Directions →
Below are records to give again exactly; omit each image they contain.
※
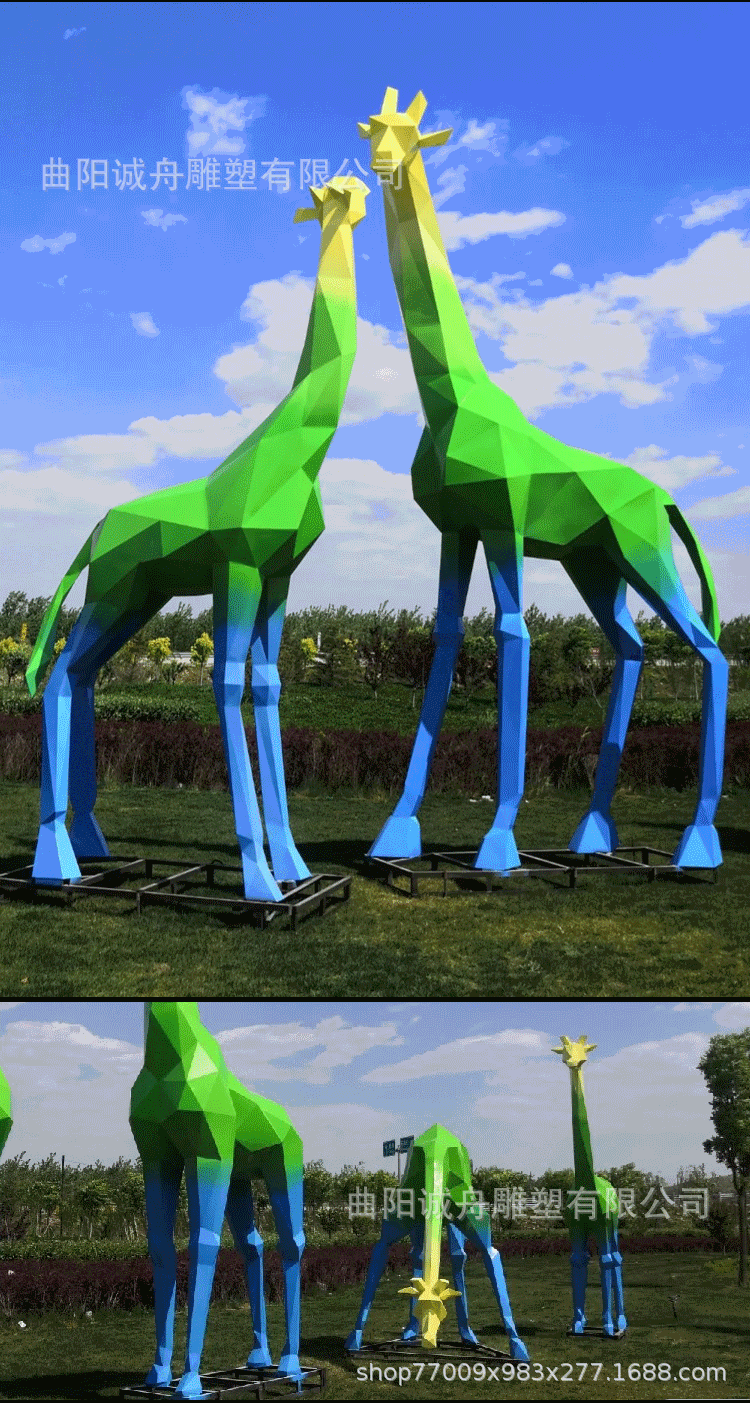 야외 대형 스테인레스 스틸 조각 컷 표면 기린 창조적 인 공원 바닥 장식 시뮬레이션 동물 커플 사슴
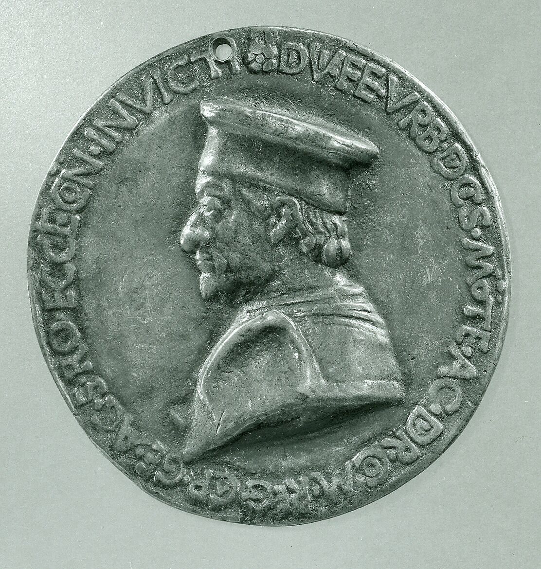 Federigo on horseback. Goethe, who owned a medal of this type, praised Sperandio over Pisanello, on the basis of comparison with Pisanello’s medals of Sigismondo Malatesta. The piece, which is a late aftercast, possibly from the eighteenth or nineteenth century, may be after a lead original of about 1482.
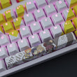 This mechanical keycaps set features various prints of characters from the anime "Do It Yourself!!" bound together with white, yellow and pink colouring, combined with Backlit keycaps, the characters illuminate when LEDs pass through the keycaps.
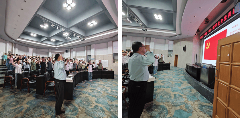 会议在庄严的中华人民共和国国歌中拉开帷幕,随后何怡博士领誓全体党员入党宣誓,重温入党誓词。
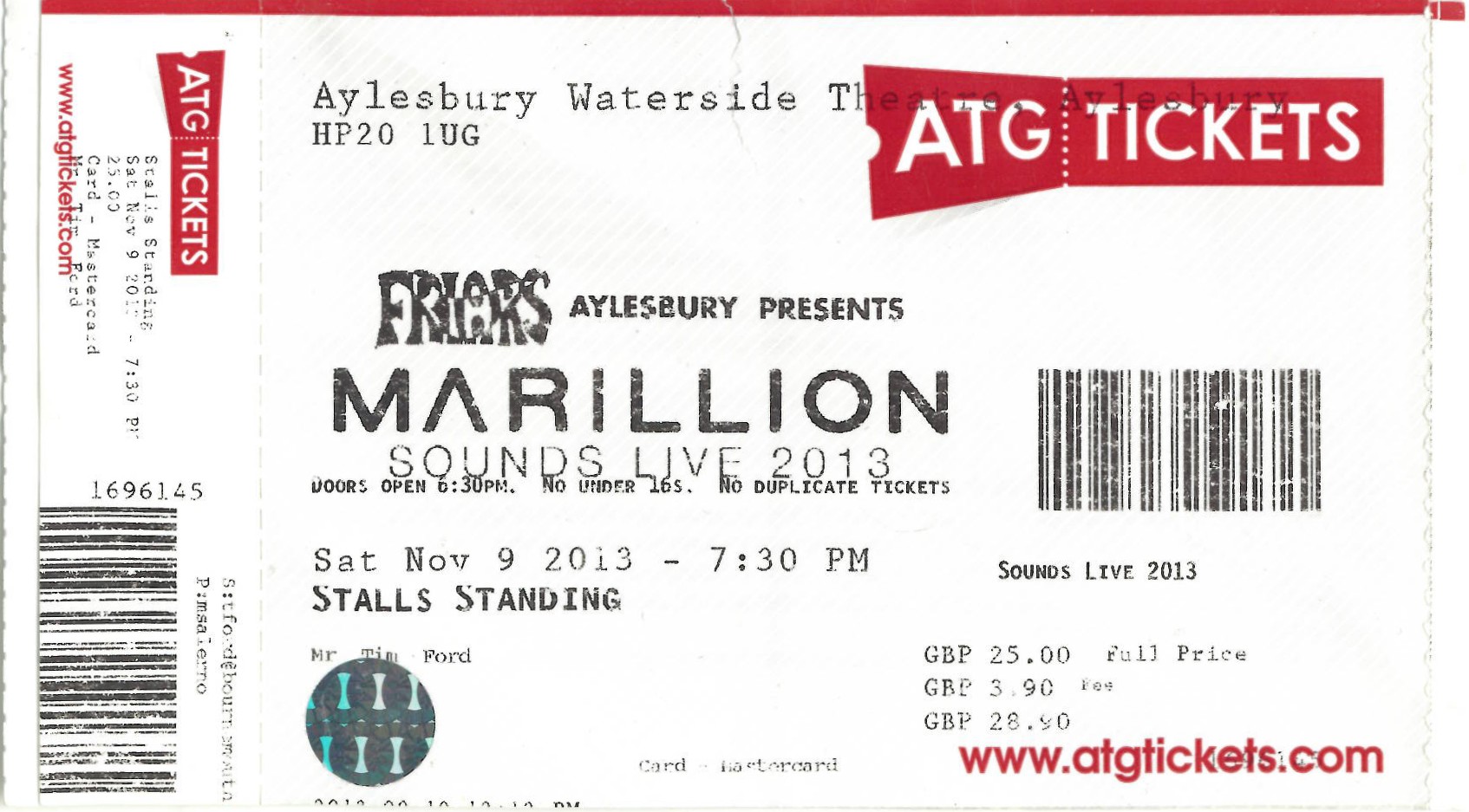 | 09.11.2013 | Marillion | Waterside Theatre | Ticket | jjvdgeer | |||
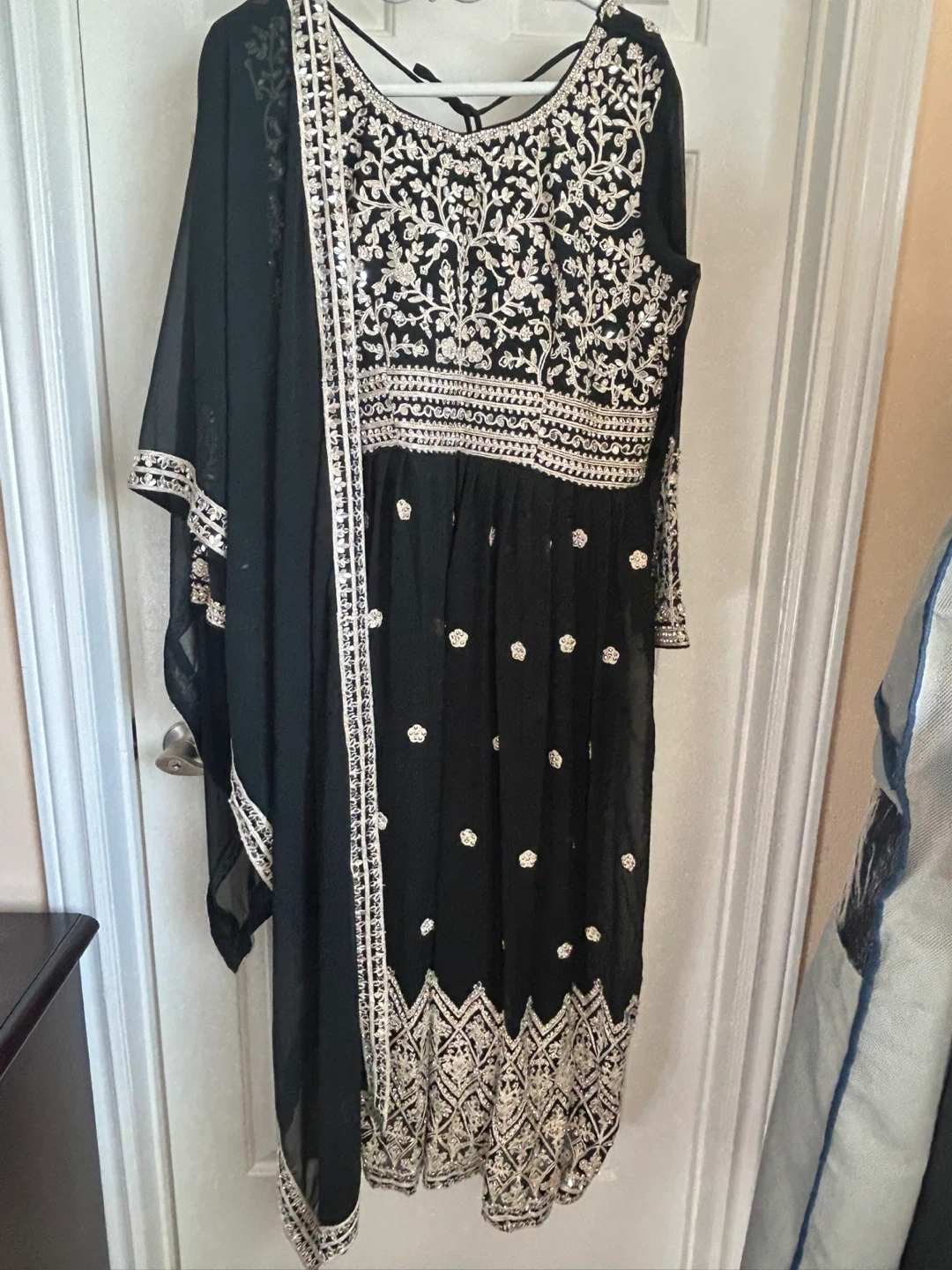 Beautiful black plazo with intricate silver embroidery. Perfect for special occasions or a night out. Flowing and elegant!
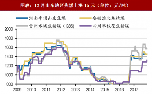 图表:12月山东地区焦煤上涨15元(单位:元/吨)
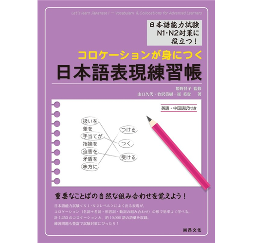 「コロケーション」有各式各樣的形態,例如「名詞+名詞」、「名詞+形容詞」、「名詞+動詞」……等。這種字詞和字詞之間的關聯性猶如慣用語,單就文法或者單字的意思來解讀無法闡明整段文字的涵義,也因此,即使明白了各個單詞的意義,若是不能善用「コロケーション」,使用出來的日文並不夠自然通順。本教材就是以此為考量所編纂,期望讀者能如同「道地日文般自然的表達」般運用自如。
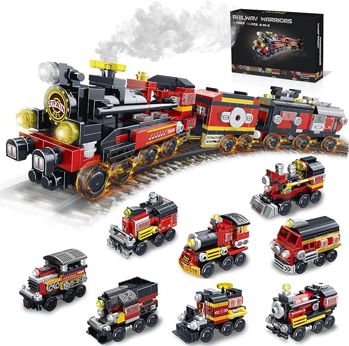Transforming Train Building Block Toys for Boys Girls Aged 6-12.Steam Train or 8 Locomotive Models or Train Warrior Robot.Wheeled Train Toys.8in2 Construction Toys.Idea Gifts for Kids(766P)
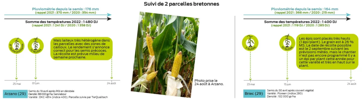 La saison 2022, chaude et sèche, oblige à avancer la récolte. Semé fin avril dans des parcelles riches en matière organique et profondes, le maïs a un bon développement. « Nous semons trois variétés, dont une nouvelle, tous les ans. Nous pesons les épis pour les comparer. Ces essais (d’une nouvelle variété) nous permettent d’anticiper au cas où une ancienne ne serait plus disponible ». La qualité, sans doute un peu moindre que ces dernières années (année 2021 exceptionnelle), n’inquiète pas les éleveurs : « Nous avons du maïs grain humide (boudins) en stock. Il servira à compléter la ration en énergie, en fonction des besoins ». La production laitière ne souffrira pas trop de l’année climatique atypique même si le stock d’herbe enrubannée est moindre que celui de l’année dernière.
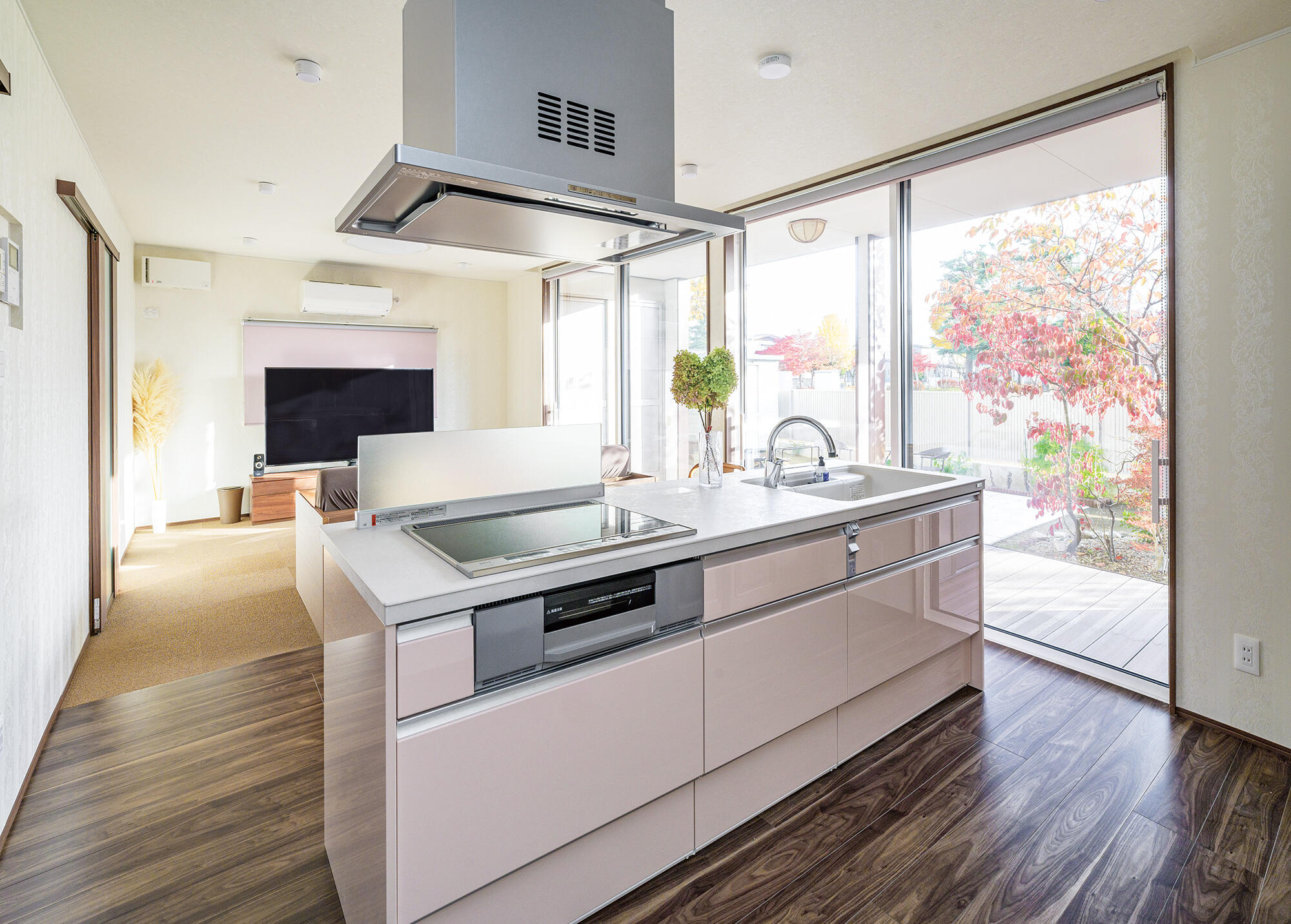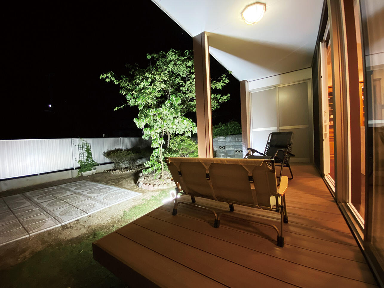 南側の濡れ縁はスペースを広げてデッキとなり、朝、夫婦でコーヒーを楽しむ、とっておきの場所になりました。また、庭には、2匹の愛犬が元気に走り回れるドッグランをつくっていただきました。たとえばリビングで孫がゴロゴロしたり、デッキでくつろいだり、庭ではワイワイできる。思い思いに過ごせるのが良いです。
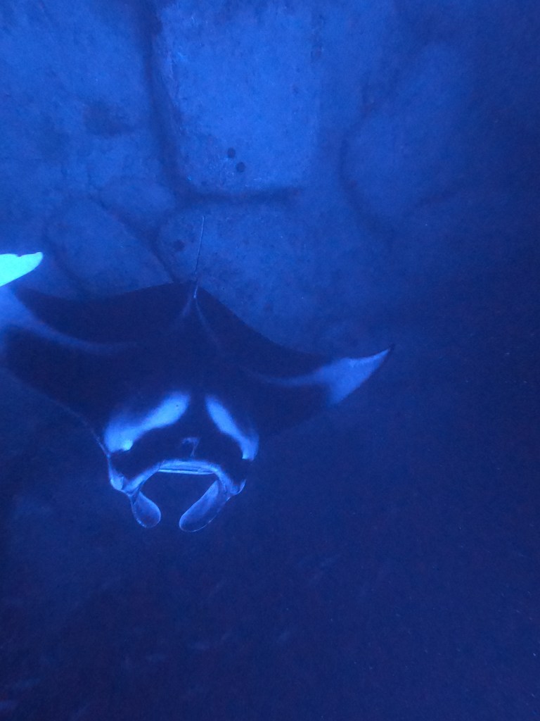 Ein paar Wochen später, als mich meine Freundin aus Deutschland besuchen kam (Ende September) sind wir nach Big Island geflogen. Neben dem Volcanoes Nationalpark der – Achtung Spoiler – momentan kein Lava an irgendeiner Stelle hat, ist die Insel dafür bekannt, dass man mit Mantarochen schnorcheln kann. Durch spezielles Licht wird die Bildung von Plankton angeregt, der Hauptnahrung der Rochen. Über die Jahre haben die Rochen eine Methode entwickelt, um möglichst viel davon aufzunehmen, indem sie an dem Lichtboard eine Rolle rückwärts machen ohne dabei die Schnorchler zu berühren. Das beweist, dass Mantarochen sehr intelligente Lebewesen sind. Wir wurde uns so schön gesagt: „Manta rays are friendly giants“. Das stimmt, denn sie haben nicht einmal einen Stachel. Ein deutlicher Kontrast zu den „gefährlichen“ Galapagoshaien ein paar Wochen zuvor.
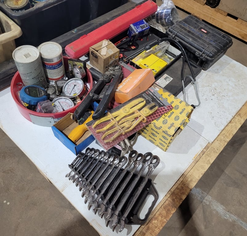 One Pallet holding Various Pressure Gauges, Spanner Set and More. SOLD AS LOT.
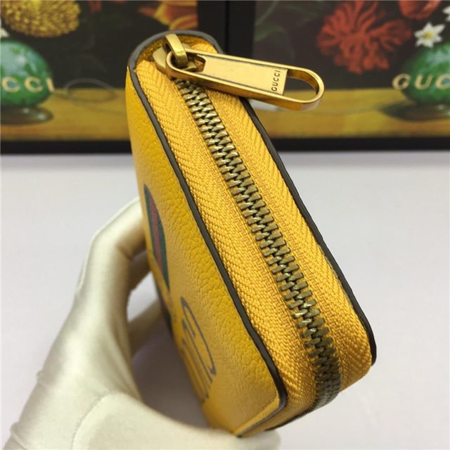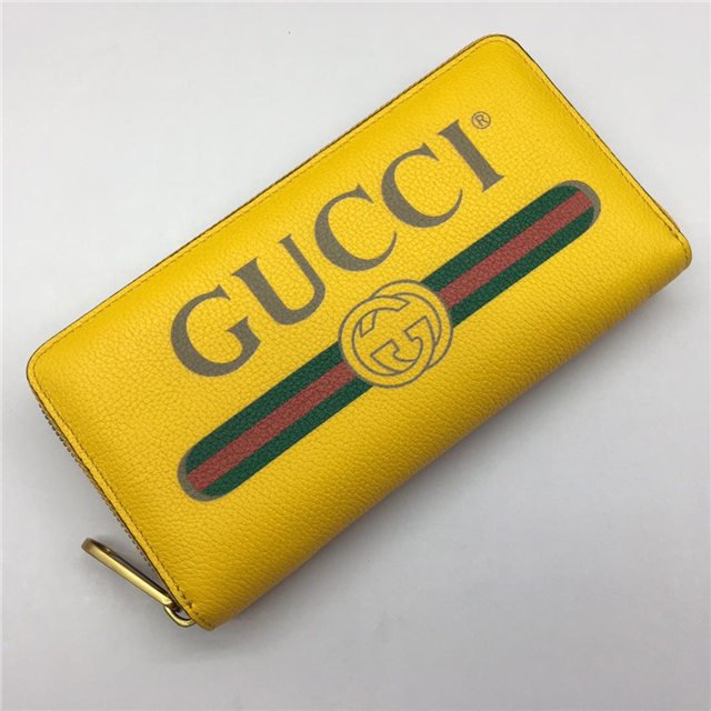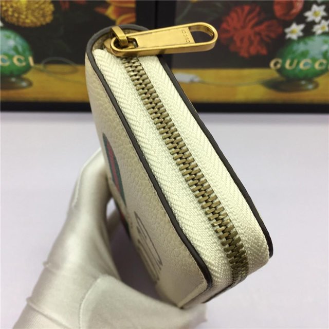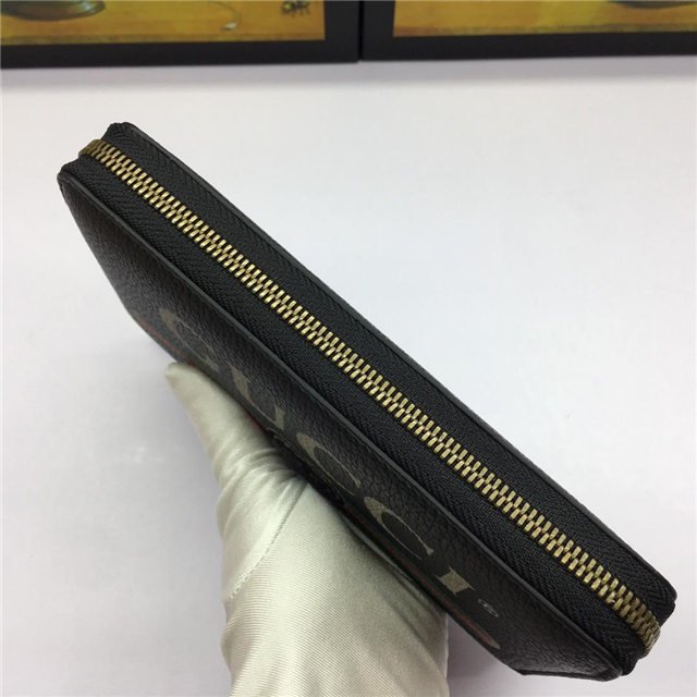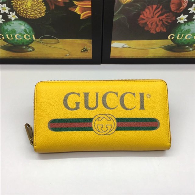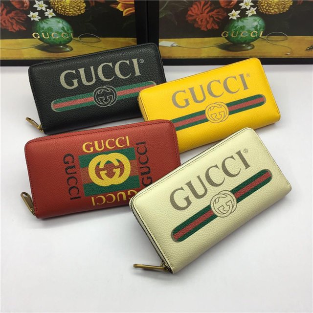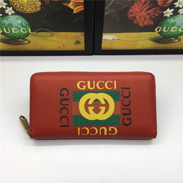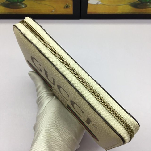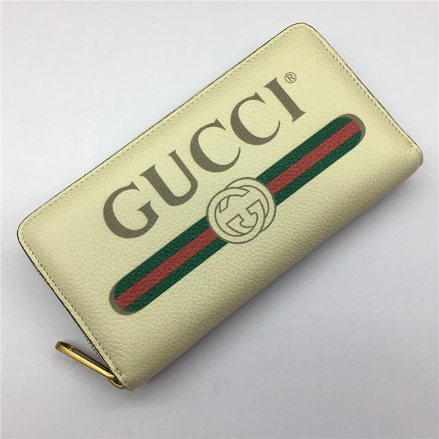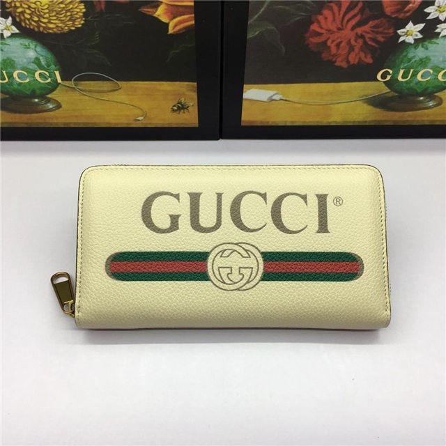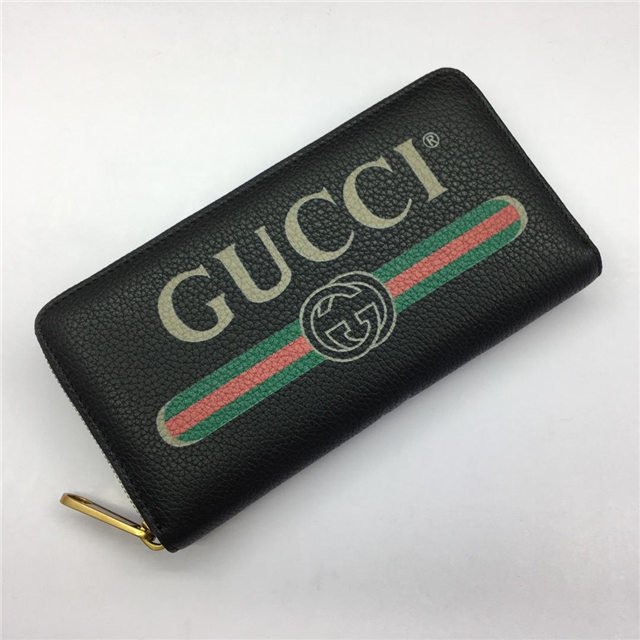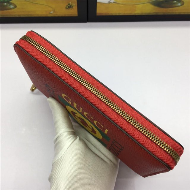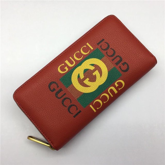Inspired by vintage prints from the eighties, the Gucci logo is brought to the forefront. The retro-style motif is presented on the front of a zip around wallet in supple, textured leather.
※
Result of the task →
 야외 대형 스테인레스 스틸 조각 컷 표면 기린 창조적 인 공원 바닥 장식 시뮬레이션 동물 커플 사슴
 Federigo on horseback. Goethe, who owned a medal of this type, praised Sperandio over Pisanello, on the basis of comparison with Pisanello’s medals of Sigismondo Malatesta. The piece, which is a late aftercast, possibly from the eighteenth or nineteenth century, may be after a lead original of about 1482.
 This mechanical keycaps set features various prints of characters from the anime "Do It Yourself!!" bound together with white, yellow and pink colouring, combined with Backlit keycaps, the characters illuminate when LEDs pass through the keycaps.
 会议在庄严的中华人民共和国国歌中拉开帷幕,随后何怡博士领誓全体党员入党宣誓,重温入党誓词。
 | 09.11.2013 | Marillion | Waterside Theatre | Ticket | jjvdgeer | |||
 Beautiful black plazo with intricate silver embroidery. Perfect for special occasions or a night out. Flowing and elegant!
 图表:12月山东地区焦煤上涨15元(单位:元/吨)
 「コロケーション」有各式各樣的形態,例如「名詞+名詞」、「名詞+形容詞」、「名詞+動詞」……等。這種字詞和字詞之間的關聯性猶如慣用語,單就文法或者單字的意思來解讀無法闡明整段文字的涵義,也因此,即使明白了各個單詞的意義,若是不能善用「コロケーション」,使用出來的日文並不夠自然通順。本教材就是以此為考量所編纂,期望讀者能如同「道地日文般自然的表達」般運用自如。
Transforming Train Building Block Toys for Boys Girls Aged 6-12.Steam Train or 8 Locomotive Models or Train Warrior Robot.Wheeled Train Toys.8in2 Construction Toys.Idea Gifts for Kids(766P)
 La saison 2022, chaude et sèche, oblige à avancer la récolte. Semé fin avril dans des parcelles riches en matière organique et profondes, le maïs a un bon développement. « Nous semons trois variétés, dont une nouvelle, tous les ans. Nous pesons les épis pour les comparer. Ces essais (d’une nouvelle variété) nous permettent d’anticiper au cas où une ancienne ne serait plus disponible ». La qualité, sans doute un peu moindre que ces dernières années (année 2021 exceptionnelle), n’inquiète pas les éleveurs : « Nous avons du maïs grain humide (boudins) en stock. Il servira à compléter la ration en énergie, en fonction des besoins ». La production laitière ne souffrira pas trop de l’année climatique atypique même si le stock d’herbe enrubannée est moindre que celui de l’année dernière.
 南側の濡れ縁はスペースを広げてデッキとなり、朝、夫婦でコーヒーを楽しむ、とっておきの場所になりました。また、庭には、2匹の愛犬が元気に走り回れるドッグランをつくっていただきました。たとえばリビングで孫がゴロゴロしたり、デッキでくつろいだり、庭ではワイワイできる。思い思いに過ごせるのが良いです。
 Ein paar Wochen später, als mich meine Freundin aus Deutschland besuchen kam (Ende September) sind wir nach Big Island geflogen. Neben dem Volcanoes Nationalpark der – Achtung Spoiler – momentan kein Lava an irgendeiner Stelle hat, ist die Insel dafür bekannt, dass man mit Mantarochen schnorcheln kann. Durch spezielles Licht wird die Bildung von Plankton angeregt, der Hauptnahrung der Rochen. Über die Jahre haben die Rochen eine Methode entwickelt, um möglichst viel davon aufzunehmen, indem sie an dem Lichtboard eine Rolle rückwärts machen ohne dabei die Schnorchler zu berühren. Das beweist, dass Mantarochen sehr intelligente Lebewesen sind. Wir wurde uns so schön gesagt: „Manta rays are friendly giants“. Das stimmt, denn sie haben nicht einmal einen Stachel. Ein deutlicher Kontrast zu den „gefährlichen“ Galapagoshaien ein paar Wochen zuvor.
 One Pallet holding Various Pressure Gauges, Spanner Set and More. SOLD AS LOT.
Inspired by vintage prints from the eighties, the Gucci logo is brought to the forefront. The retro-style motif is presented on the front of a zip around wallet in supple, textured leather.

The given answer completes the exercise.